Change governance only when desirable behaviors change. The process of changing governance, communicating the changes and then institutionalizing the new approach is lengthy. Governance takes six months or longer to implement, according to our study. Top performers changed their governance on average less than once a year, and their intent was to do so even less frequently. Poorer performing organizations changed their governance method as much as three times a year. Because organizations need time to learn new governance mechanisms, changes should be rare. Once a company has designed a coherent set of mechanisms, governance can remain intact until a change in strategic direction redefines desirable behaviors.

For example, when J.P. Morgan Chase decided to seek synergies across its business units, management instituted governance structures to encourage the use of standardized technologies. With those mechanisms in place, the enterprise may occasionally tweak membership in decision-making structures, or enhance alignment processes or communication approaches. However, the basic set of governance mechanisms should be long-lasting.

Provide transparency and education. The most important predictor of top governance performance in our study was the percentage of managers in leadership positions who could accurately describe their enterprise’s IT governance. The higher the percentage of managers who could describe governance, the higher the governance performance. When more managers can accurately describe governance, it is more likely to be part of the enterprise’s management culture, and thus more likely to be followed—or better still, challenged and improved. Without an awareness of IT governance, there is no chance that it will be followed. Nearly half of all of the managers in the top 50 percent of governance performers could accurately describe their IT governance, while fewer than 30 percent of the managers could do so in the poorer performers. Proactively designing governance and then educating everyone in the enterprise as to how governance decisions are made reduces the mystery of IT and enables managers throughout the organization to accept responsibility for its effective use as a strategic asset.
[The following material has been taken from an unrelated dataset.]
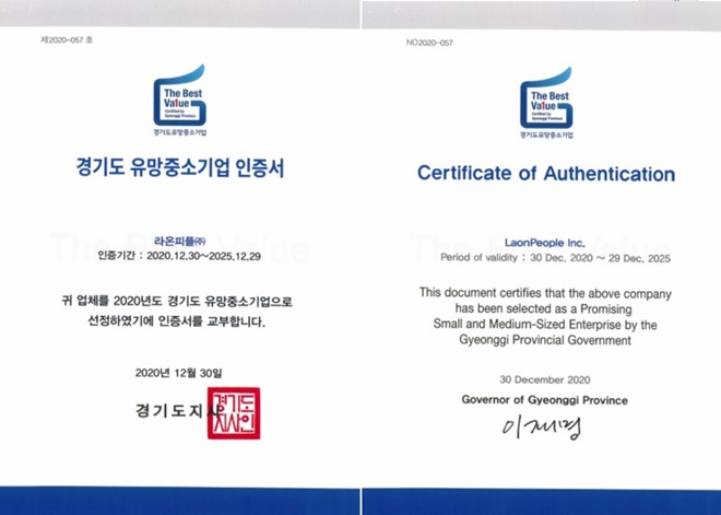 경기도 유망중소기업에 선정된 라온피플은 경기도 유망중소기업 현판 및 인증서는 물론 인증마크 사용권도 받게 된다.

While some companies fritter away their IT investments on tactical improvements, others target IT dollars on fulfilling strategic objectives. Not surprising, companies that use IT strategically demonstrate stronger financial performance. But strategic use of IT is possible only when companies design and communicate IT decision-making parameters and mechanisms. At the bare minimum, IT governance frees up the scarcest resource-management attention for the decisions that matter most.